Problem details: Copy out the full data exactly as given; pictures should not be included.

Given information:
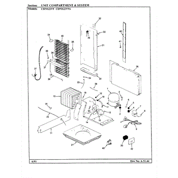 Plastic defrost pan. Evaporator pan hangs from side rails and rests on compressor.
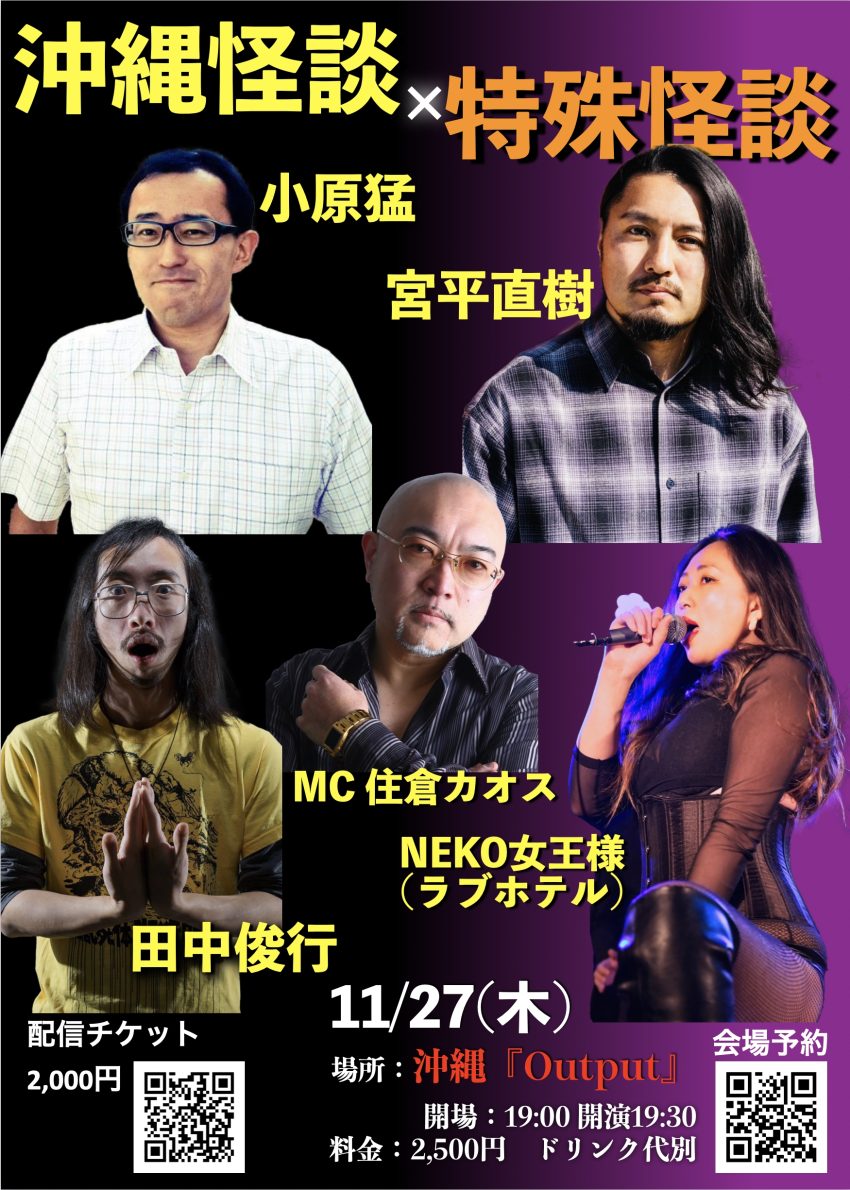 ★沖縄怪談 × 特殊怪談・開場:19時/開演:19時30分・出演=小原猛(作家) 宮平直樹(かりゆし58) 田中俊行(オカルトコレクター) 住倉カオス(シビレクラブ) NEKO(ラブホテル) ・会場=ライブハウスoutput
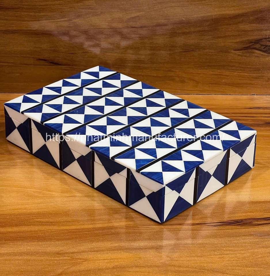 Handmade Unique Bone Inlay Lacquerware Jewelry Box Rectangular White and Blue Checkered for Home Table Decoration Souvenir

Answer space:
 Plastic defrost pan. Evaporator pan hangs from side rails and rests on compressor.
 ★沖縄怪談 × 特殊怪談・開場:19時/開演:19時30分・出演=小原猛(作家) 宮平直樹(かりゆし58) 田中俊行(オカルトコレクター) 住倉カオス(シビレクラブ) NEKO(ラブホテル) ・会場=ライブハウスoutput
 Handmade Unique Bone Inlay Lacquerware Jewelry Box Rectangular White and Blue Checkered for Home Table Decoration Souvenir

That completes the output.